▸ MATERIAL PROVIDED:
Start of Block

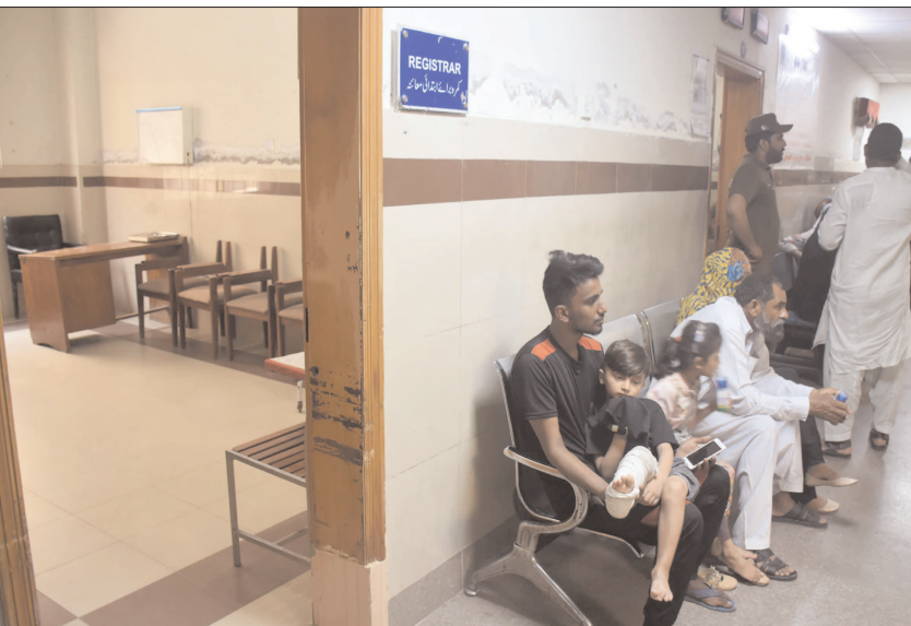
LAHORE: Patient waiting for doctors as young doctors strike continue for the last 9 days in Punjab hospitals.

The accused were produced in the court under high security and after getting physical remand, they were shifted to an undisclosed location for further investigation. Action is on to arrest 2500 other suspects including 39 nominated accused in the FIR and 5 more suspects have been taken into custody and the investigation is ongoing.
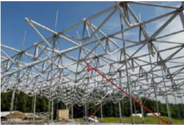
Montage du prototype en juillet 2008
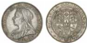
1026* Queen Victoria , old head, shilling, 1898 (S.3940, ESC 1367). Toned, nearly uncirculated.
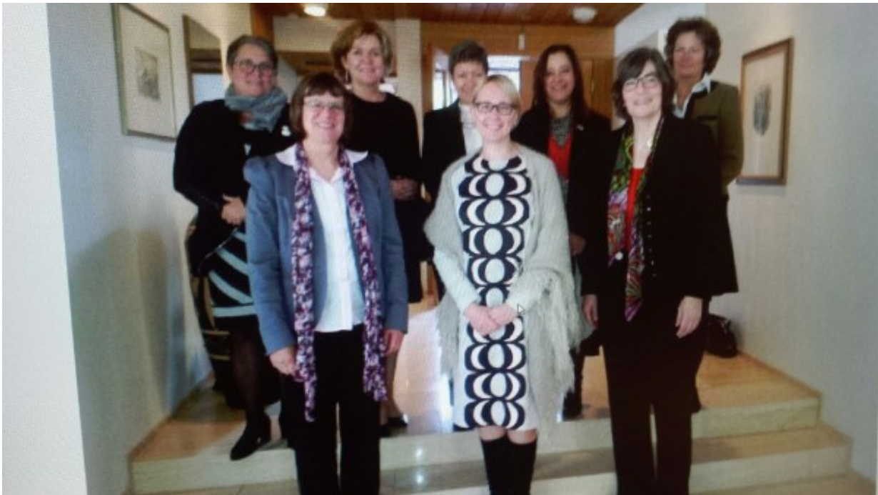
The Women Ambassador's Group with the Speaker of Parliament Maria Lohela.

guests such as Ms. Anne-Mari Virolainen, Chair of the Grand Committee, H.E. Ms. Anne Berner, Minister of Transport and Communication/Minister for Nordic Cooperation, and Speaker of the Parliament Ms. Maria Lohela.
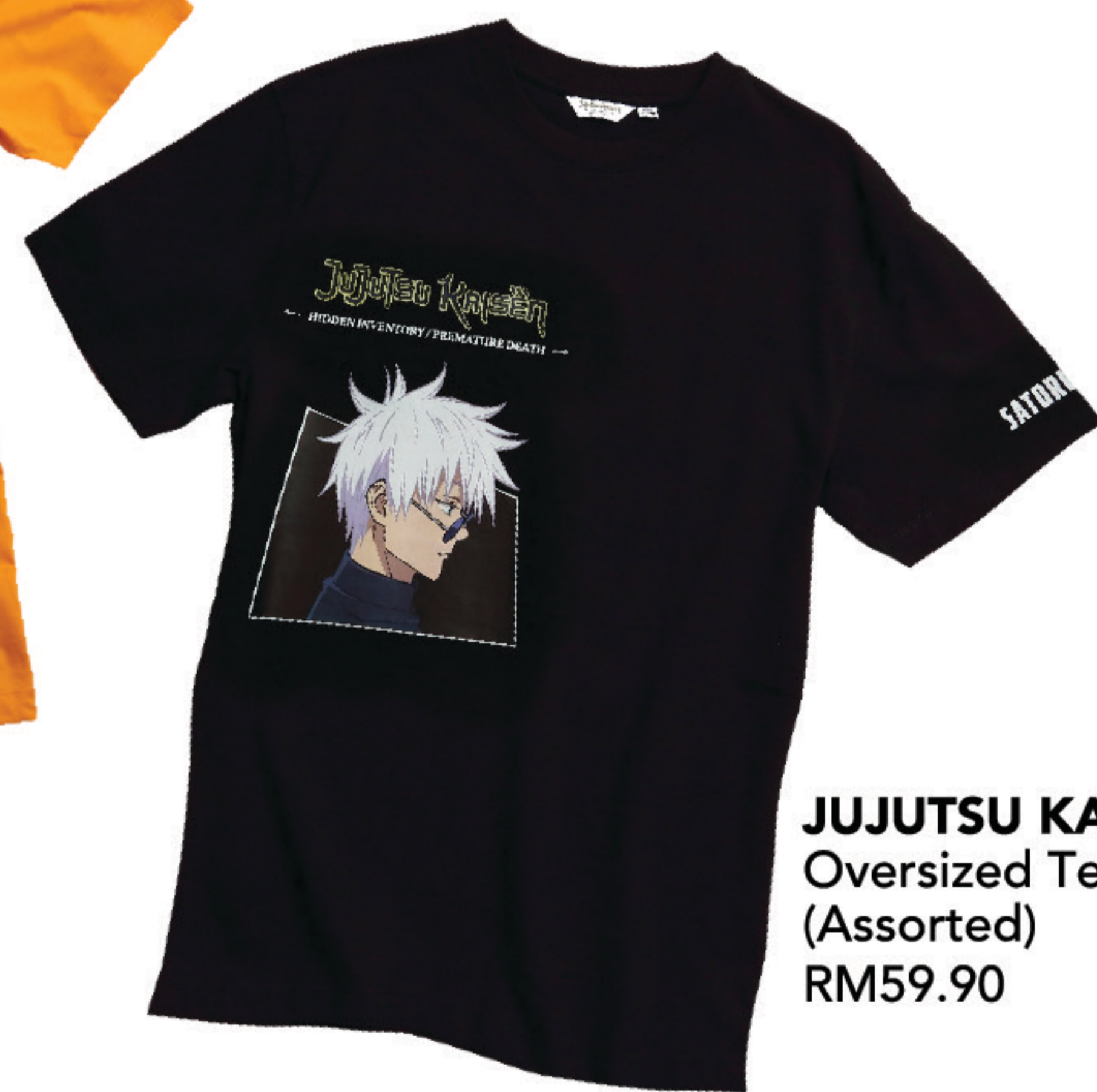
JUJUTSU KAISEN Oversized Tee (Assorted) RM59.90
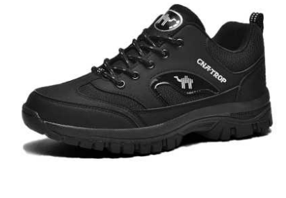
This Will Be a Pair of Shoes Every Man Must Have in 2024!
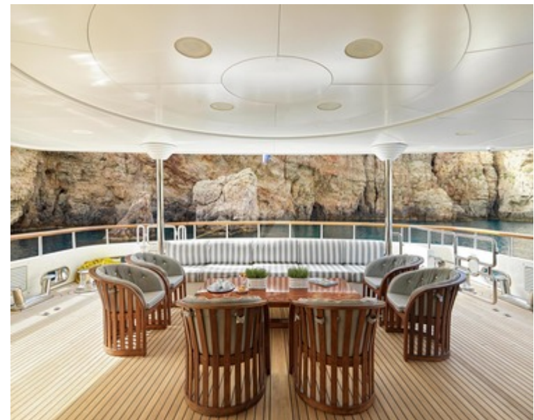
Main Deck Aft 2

End of Block
Start of Block

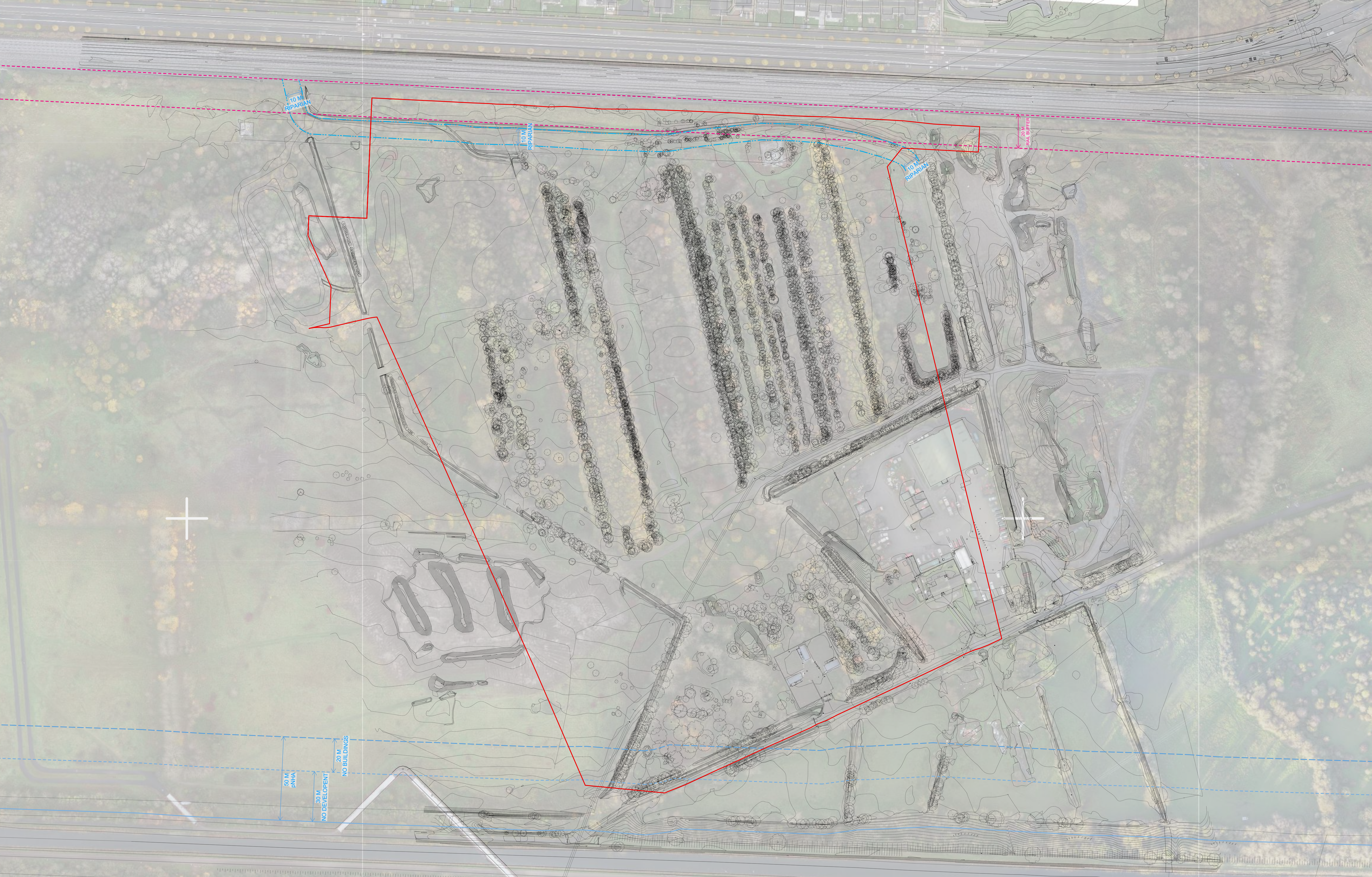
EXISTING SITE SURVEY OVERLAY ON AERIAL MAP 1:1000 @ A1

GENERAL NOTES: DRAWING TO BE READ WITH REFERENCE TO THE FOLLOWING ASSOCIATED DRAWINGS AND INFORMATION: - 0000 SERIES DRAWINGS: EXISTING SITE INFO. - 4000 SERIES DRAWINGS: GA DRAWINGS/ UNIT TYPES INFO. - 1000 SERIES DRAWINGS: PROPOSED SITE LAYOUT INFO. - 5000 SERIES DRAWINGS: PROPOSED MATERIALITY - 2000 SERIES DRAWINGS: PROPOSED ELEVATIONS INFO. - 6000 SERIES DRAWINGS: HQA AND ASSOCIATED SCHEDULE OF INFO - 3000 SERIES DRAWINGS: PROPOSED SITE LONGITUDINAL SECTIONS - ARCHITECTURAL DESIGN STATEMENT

End of Block
Start of Block

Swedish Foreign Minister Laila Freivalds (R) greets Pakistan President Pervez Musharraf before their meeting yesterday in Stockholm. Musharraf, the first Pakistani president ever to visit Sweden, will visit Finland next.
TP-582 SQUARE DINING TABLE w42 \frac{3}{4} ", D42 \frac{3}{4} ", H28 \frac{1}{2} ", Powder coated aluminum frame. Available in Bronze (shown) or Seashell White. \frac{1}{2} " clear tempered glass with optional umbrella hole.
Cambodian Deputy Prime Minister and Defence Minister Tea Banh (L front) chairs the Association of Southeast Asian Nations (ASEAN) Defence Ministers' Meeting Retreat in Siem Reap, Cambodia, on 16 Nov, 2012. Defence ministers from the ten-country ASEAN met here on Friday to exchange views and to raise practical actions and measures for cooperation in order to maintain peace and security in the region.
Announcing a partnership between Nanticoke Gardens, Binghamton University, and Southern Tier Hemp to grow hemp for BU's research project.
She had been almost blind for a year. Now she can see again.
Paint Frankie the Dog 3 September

End of Block

▸ DIRECTIONS FOR THIS TASK: Would you set down only the lines above from the line with "guests such as" to the line with "Main Deck Aft 2", both included, exactly as they stand and without the pictures?

▸ WRITTEN SOLUTION:
guests such as Ms. Anne-Mari Virolainen, Chair of the Grand Committee, H.E. Ms. Anne Berner, Minister of Transport and Communication/Minister for Nordic Cooperation, and Speaker of the Parliament Ms. Maria Lohela.
JUJUTSU KAISEN Oversized Tee (Assorted) RM59.90
This Will Be a Pair of Shoes Every Man Must Have in 2024!
Main Deck Aft 2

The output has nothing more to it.